[Start of Attachment]

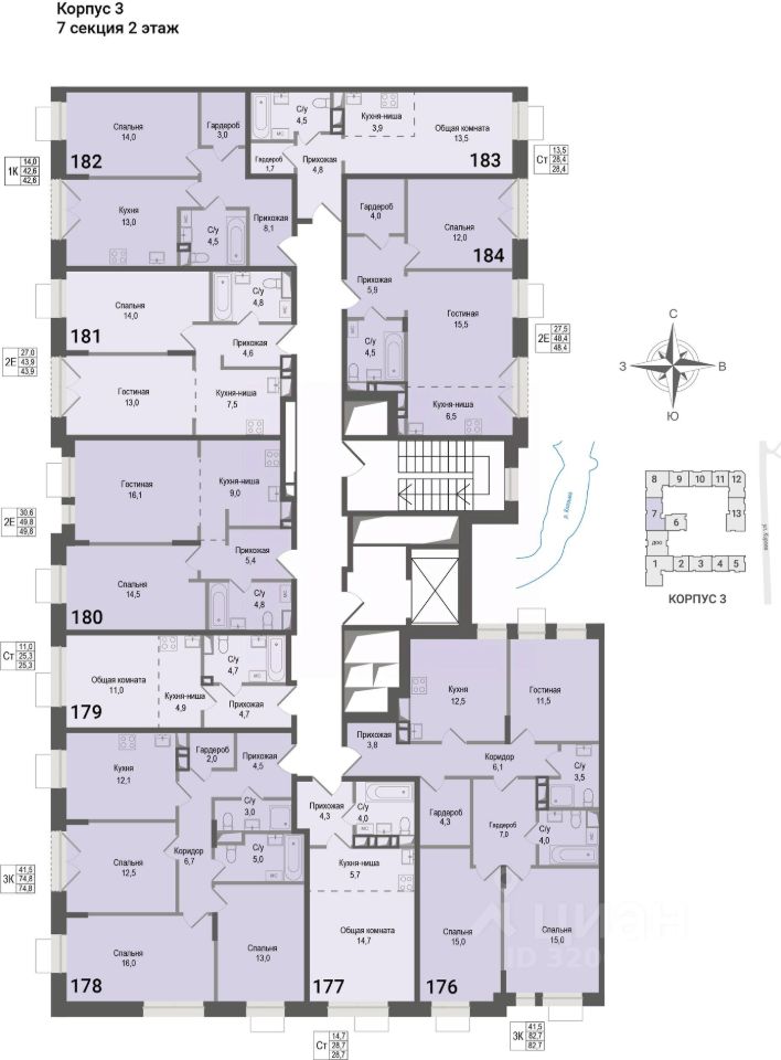 Продаётся 3-комнатная квартира в строящемся доме (Корпус 3), срок сдачи: II-кв. 2027, общей площадью 74.8 кв.м., на 2 этаже. ЖК "Киноквартал" , МО, г. Королев, мкр. Первомайский, ул. Солнечная, д. 2
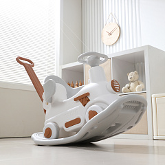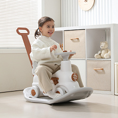 Сглаженные углы игрушки выполнены с большим вниманием, чтобы малыш мог комфортно и безопасно пользоваться игрушкой. Прочный корпус обеспечивает конструкции надежность и может выдержать ребенка с максимальным весом до 50 кг. Игрушка имеет небольшой собственный вес и компактные размеры 83х41х50/72 см, благодаря чему ее легко брать с собой в поездки.
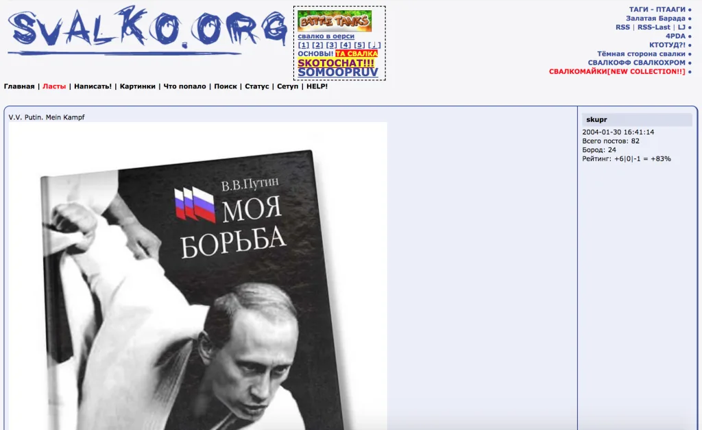 Russian pro-government information project "Noodles"discovered that back in 2004, a visitor to the Svalko.org forum jokingly published This is an image tagged “phototoad”. Since then, the “cover” has appeared several more times online. For example, in 2020, Twitter user YuraYakunin wrote a humorous tweet: “Roskomnadzor has banned the sale of Putin’s book “My Struggle” in German translation in Russia.” And in May 2022, the humorous community "Pussy", which makes up satirical news headlines, wrote: ""My Struggle." Putin published a book about judo.”
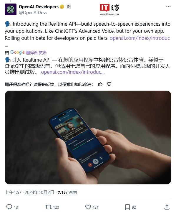 10 月 2 日消息,科技媒体 The Decoder 昨日(10 月 1 日)发布博文,报道称 OpenAI 在旧金山开发者大会(DevDay)上,发布了 Realtime API,可以让开发者调用该 API 在第三方应用中集成语音合成技术。
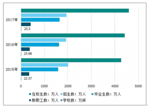 2015-2017年我國(guó)幼兒教育學(xué)校數(shù)、教職工數(shù)及學(xué)生數(shù)情況
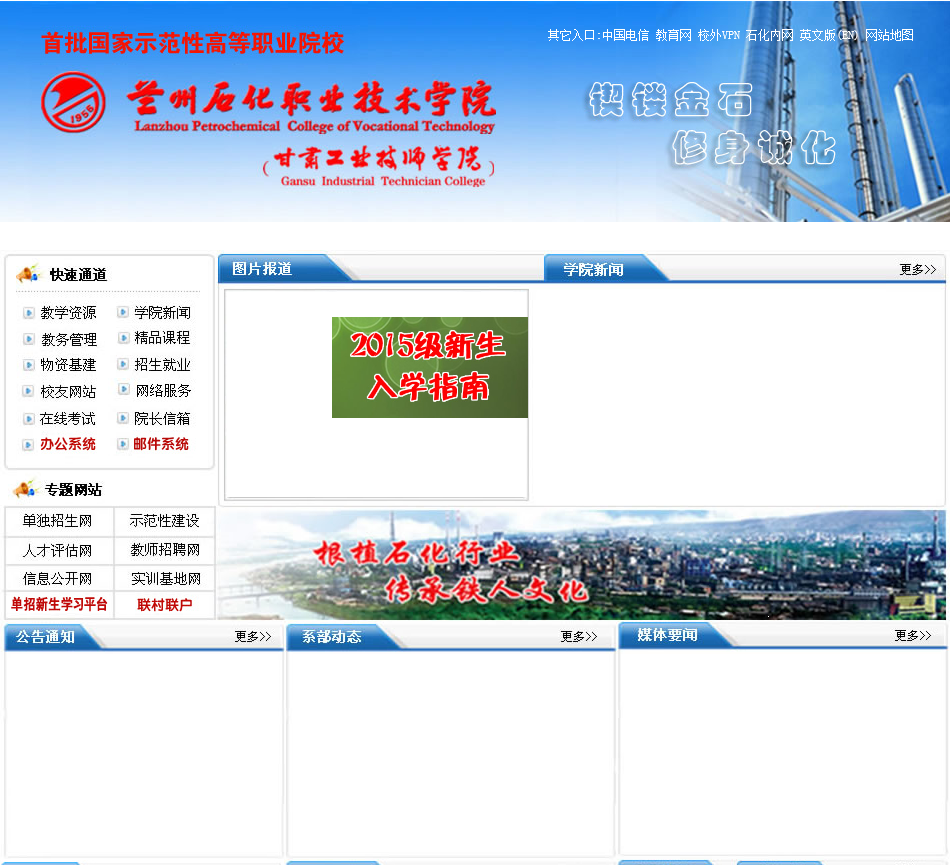 兰州石化职业技术学院于2020-08-06被0702投稿网收录,网站相关信息来自互联网或网友分享!由于(兰州石化职业技术学院)网站内容动态属性,时刻在变动,本站无法保证(兰州石化职业技术学院)网站内容真实可靠!请大家查阅时,谨慎选择、自辩真伪,感谢您的理解与支持。如果您在访问(兰州石化职业技术学院)时发现:网址失效、或网站存在非法等相关内容,请及时联系我们,我们会第一时间处理。
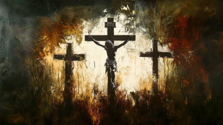 Three wooden crosses stand against a dark backdrop, showcasing Jesus crucified in poignant detail, evoking deep emotion through dramatic lighting and textured brush strokes.
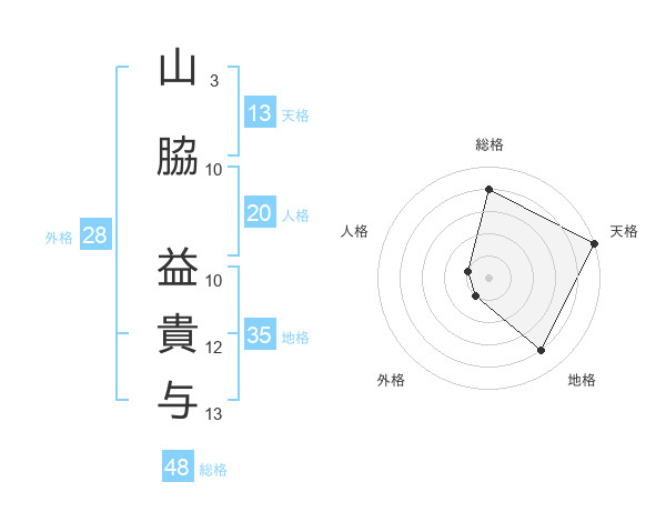 山脇 益貴与さんを姓名の画数から五運を鑑定
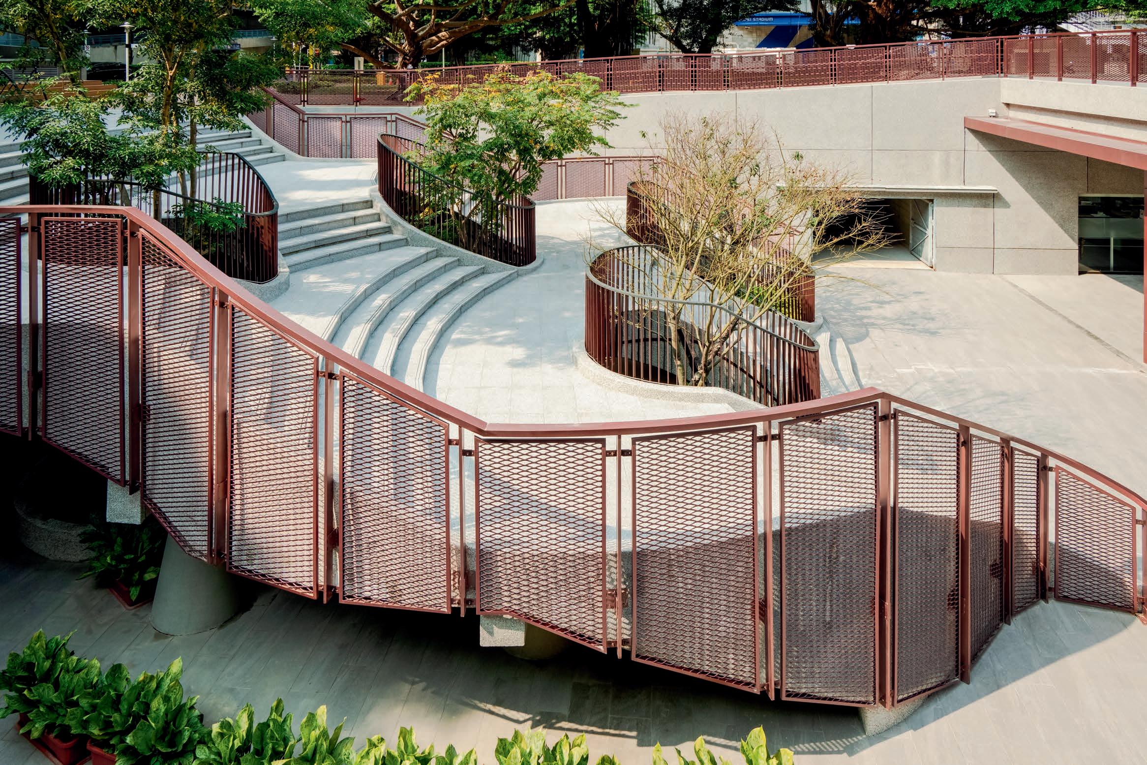 及大型鋼板字打造了一面線型景觀牆,如一道含蓄的 邀請。「未來這個地方會整個綠起來,融入到原有的

[End of Attachment]

→ Required action
Where the material above includes pictures, omit them and retype everything else exactly.

→ Written answer
 Продаётся 3-комнатная квартира в строящемся доме (Корпус 3), срок сдачи: II-кв. 2027, общей площадью 74.8 кв.м., на 2 этаже. ЖК "Киноквартал" , МО, г. Королев, мкр. Первомайский, ул. Солнечная, д. 2
 Сглаженные углы игрушки выполнены с большим вниманием, чтобы малыш мог комфортно и безопасно пользоваться игрушкой. Прочный корпус обеспечивает конструкции надежность и может выдержать ребенка с максимальным весом до 50 кг. Игрушка имеет небольшой собственный вес и компактные размеры 83х41х50/72 см, благодаря чему ее легко брать с собой в поездки.
 Russian pro-government information project "Noodles"discovered that back in 2004, a visitor to the Svalko.org forum jokingly published This is an image tagged “phototoad”. Since then, the “cover” has appeared several more times online. For example, in 2020, Twitter user YuraYakunin wrote a humorous tweet: “Roskomnadzor has banned the sale of Putin’s book “My Struggle” in German translation in Russia.” And in May 2022, the humorous community "Pussy", which makes up satirical news headlines, wrote: ""My Struggle." Putin published a book about judo.”
 10 月 2 日消息,科技媒体 The Decoder 昨日(10 月 1 日)发布博文,报道称 OpenAI 在旧金山开发者大会(DevDay)上,发布了 Realtime API,可以让开发者调用该 API 在第三方应用中集成语音合成技术。
 2015-2017年我國(guó)幼兒教育學(xué)校數(shù)、教職工數(shù)及學(xué)生數(shù)情況
 兰州石化职业技术学院于2020-08-06被0702投稿网收录,网站相关信息来自互联网或网友分享!由于(兰州石化职业技术学院)网站内容动态属性,时刻在变动,本站无法保证(兰州石化职业技术学院)网站内容真实可靠!请大家查阅时,谨慎选择、自辩真伪,感谢您的理解与支持。如果您在访问(兰州石化职业技术学院)时发现:网址失效、或网站存在非法等相关内容,请及时联系我们,我们会第一时间处理。
 Three wooden crosses stand against a dark backdrop, showcasing Jesus crucified in poignant detail, evoking deep emotion through dramatic lighting and textured brush strokes.
 山脇 益貴与さんを姓名の画数から五運を鑑定
 及大型鋼板字打造了一面線型景觀牆,如一道含蓄的 邀請。「未來這個地方會整個綠起來,融入到原有的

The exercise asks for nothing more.